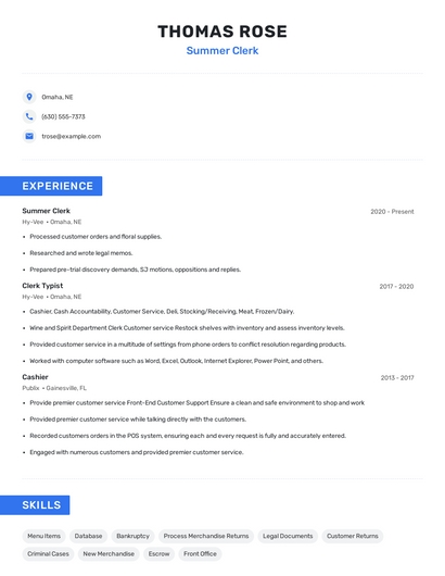 Build a professional summer clerk resume in minutes. Browse through our resume examples to identify the best way to word your resume. Then choose from 5+ resume templates to create your summer clerk resume.
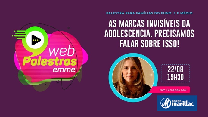 O Ciclo de Palestras Movimento Somos pela Vida, em parceria com a Somos Educação – Plataforma de Ensino Eleva, conta a com Web Palestra da Fernanda Aoki para pais de alunos do ensino fundamental anos finais e ensino médio, no próximo dia 22/08, às 19h30, em nosso Web Canal da Escola.
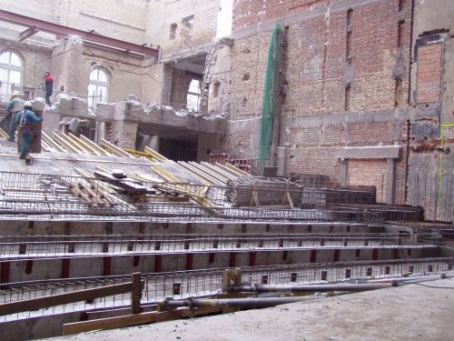 A rekonstrukció az eredetei ütemezésnek megfelelően halad, a bontásnak az utolsó fázisánál tartanak, ami a régi belső szerkezeti elemeket jelenti, de párhuzamosan már épül a nézőtéri szint és a színpad mögötti új rész. Kialakításra került a forgószínpad helye, dolgoznak a zsinórpadláson is, és pinceszinten lévő műszaki kiszolgáló helységek is épülnek. Néhány napon belül eldől, hogy a trafóhelységek hogyan helyezkedjenek el, itt kisebb problémák merültek fel, de ezeket is könnyen orvosoltuk. Problémát jelentettek még olyan dolgok, hogy az alap vizsgálata közben megállapítottunk statikai hiányosságokat, amikre nem lehetett készülni. Többletmunkát és –időt jelentettek ezek a kivitelezőnek és a tervezőnek.
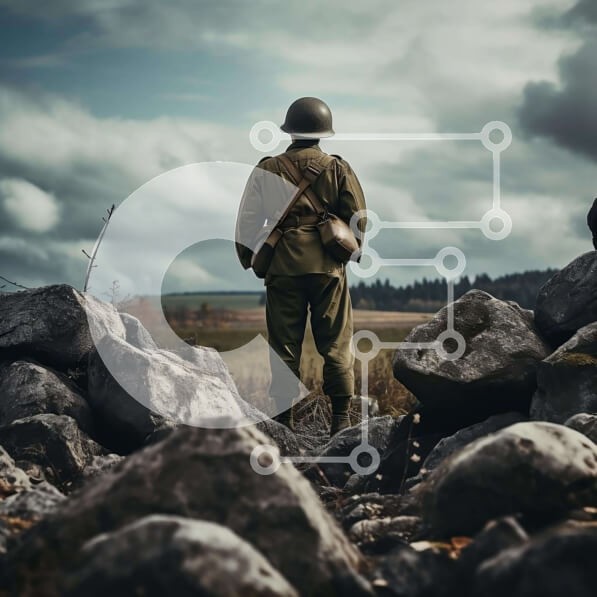 Υπάρχει δυνατότητα προσωποποίησης με δική σας φωτογραφία και προσαρμογής διαστάσεων κατόπιν παραγγελίας. Το συγεκεριμενο puzzle παρουσιαζει Αυτή η εικόνα απεικονίζει έναν στρατιώτη να στέκεται ανάμεσα σε μεγάλους βράχους, κοιτάζοντας την απόσταση μια συννεφιασμένη μέρα. Ο στρατιώτης, ντυμένος με στρατιωτική ενδυμασία και κράνος, εμφανίζεται στοχαστικός καθώς ατενίζει ένα χωράφι που απλώνεται στον ορίζοντα. Ο ουραν

* Action item:
Would you restate word for word only the lines from the line with "A rekonstrukció az" to the last line above, with the pictures left out?

* The answer:
 A rekonstrukció az eredetei ütemezésnek megfelelően halad, a bontásnak az utolsó fázisánál tartanak, ami a régi belső szerkezeti elemeket jelenti, de párhuzamosan már épül a nézőtéri szint és a színpad mögötti új rész. Kialakításra került a forgószínpad helye, dolgoznak a zsinórpadláson is, és pinceszinten lévő műszaki kiszolgáló helységek is épülnek. Néhány napon belül eldől, hogy a trafóhelységek hogyan helyezkedjenek el, itt kisebb problémák merültek fel, de ezeket is könnyen orvosoltuk. Problémát jelentettek még olyan dolgok, hogy az alap vizsgálata közben megállapítottunk statikai hiányosságokat, amikre nem lehetett készülni. Többletmunkát és –időt jelentettek ezek a kivitelezőnek és a tervezőnek.
 Υπάρχει δυνατότητα προσωποποίησης με δική σας φωτογραφία και προσαρμογής διαστάσεων κατόπιν παραγγελίας. Το συγεκεριμενο puzzle παρουσιαζει Αυτή η εικόνα απεικονίζει έναν στρατιώτη να στέκεται ανάμεσα σε μεγάλους βράχους, κοιτάζοντας την απόσταση μια συννεφιασμένη μέρα. Ο στρατιώτης, ντυμένος με στρατιωτική ενδυμασία και κράνος, εμφανίζεται στοχαστικός καθώς ατενίζει ένα χωράφι που απλώνεται στον ορίζοντα. Ο ουραν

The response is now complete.